### Input data:
^^^^^^^^^^^^^^^^

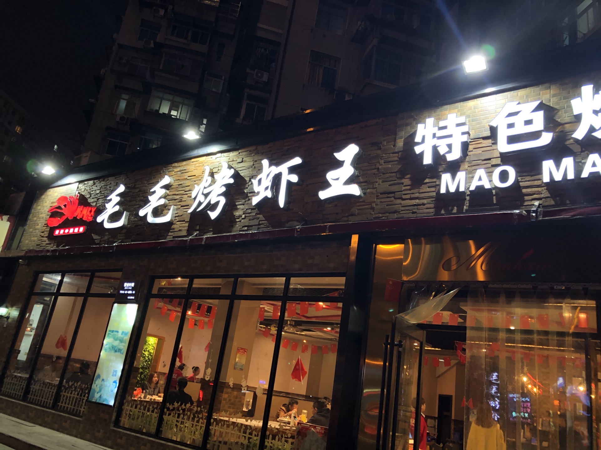 ...它们家的烤串很棒,环境也不错,干净整洁,最棒的是它们家的桶装啤酒,味醇厚、爽口,服务态度也超好第一次到大武汉吃的第一餐就是毛毛烤虾王,它们家的烤串很棒,环境也不错,干净整洁,最棒的是它们家的桶装啤酒,味醇厚、爽口,服务态度也超好。
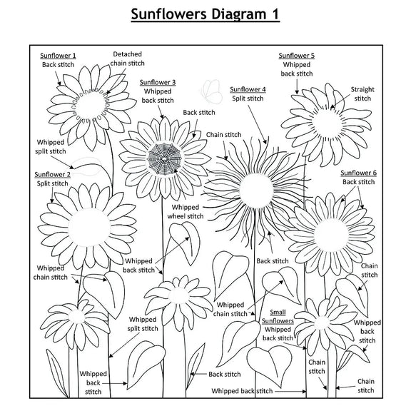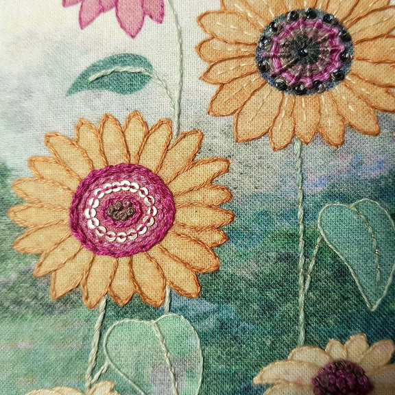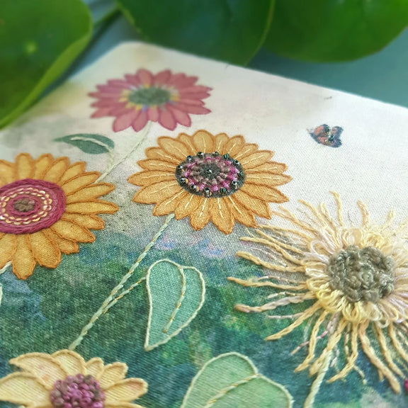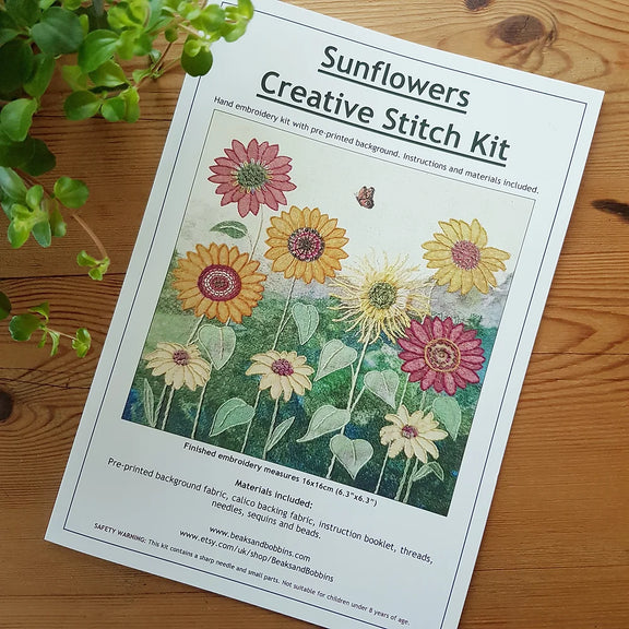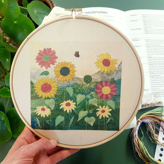 This embroidery kit includes a printed background with all the instructions you need to add the stitching and embellishments to bring it to life and create your own sunflower garden.
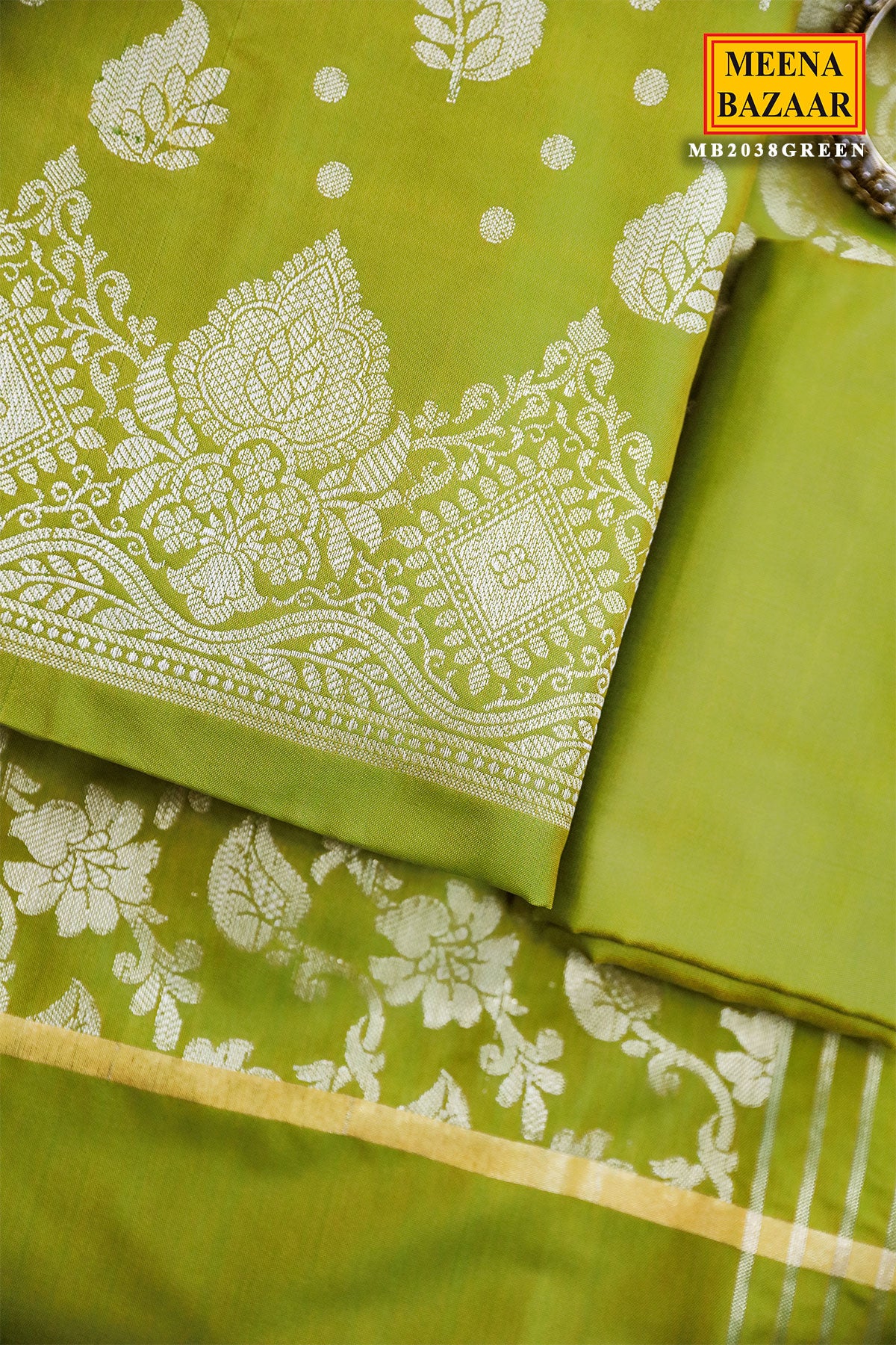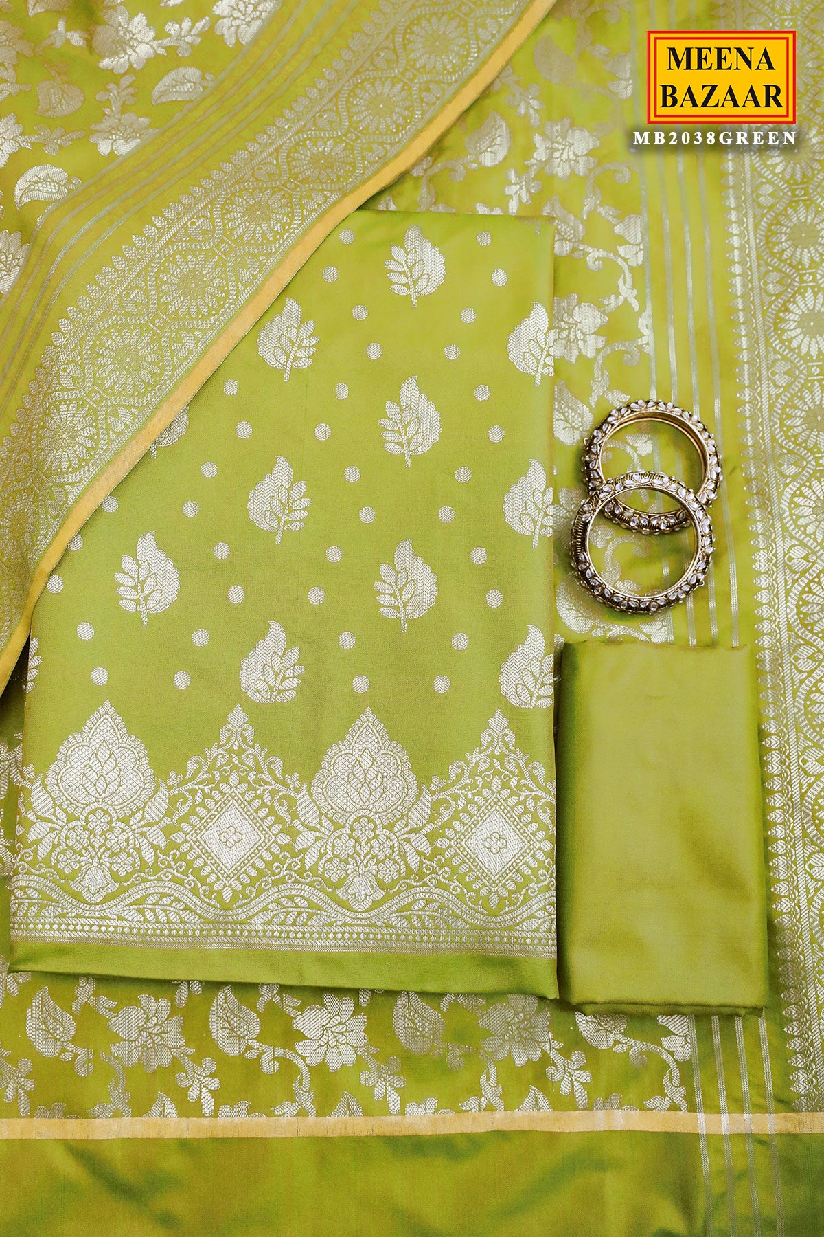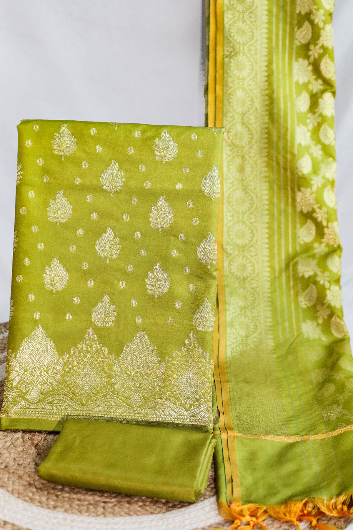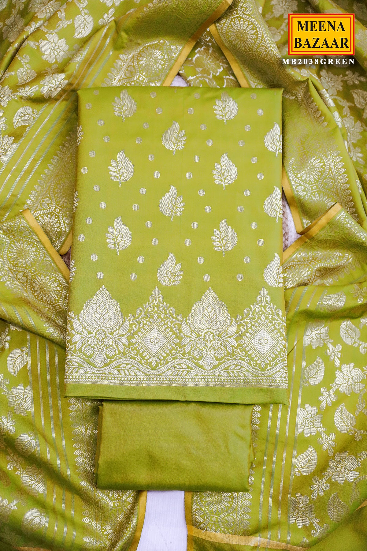 Mehndi Olive Green Chanderi Woven Silk Unstitched Suit

^^^^^^^^^^^^^^^^

### What to work on:
Return every line above word for word, minus images.

### Written response:
 ...它们家的烤串很棒,环境也不错,干净整洁,最棒的是它们家的桶装啤酒,味醇厚、爽口,服务态度也超好第一次到大武汉吃的第一餐就是毛毛烤虾王,它们家的烤串很棒,环境也不错,干净整洁,最棒的是它们家的桶装啤酒,味醇厚、爽口,服务态度也超好。
 This embroidery kit includes a printed background with all the instructions you need to add the stitching and embellishments to bring it to life and create your own sunflower garden.
 Mehndi Olive Green Chanderi Woven Silk Unstitched Suit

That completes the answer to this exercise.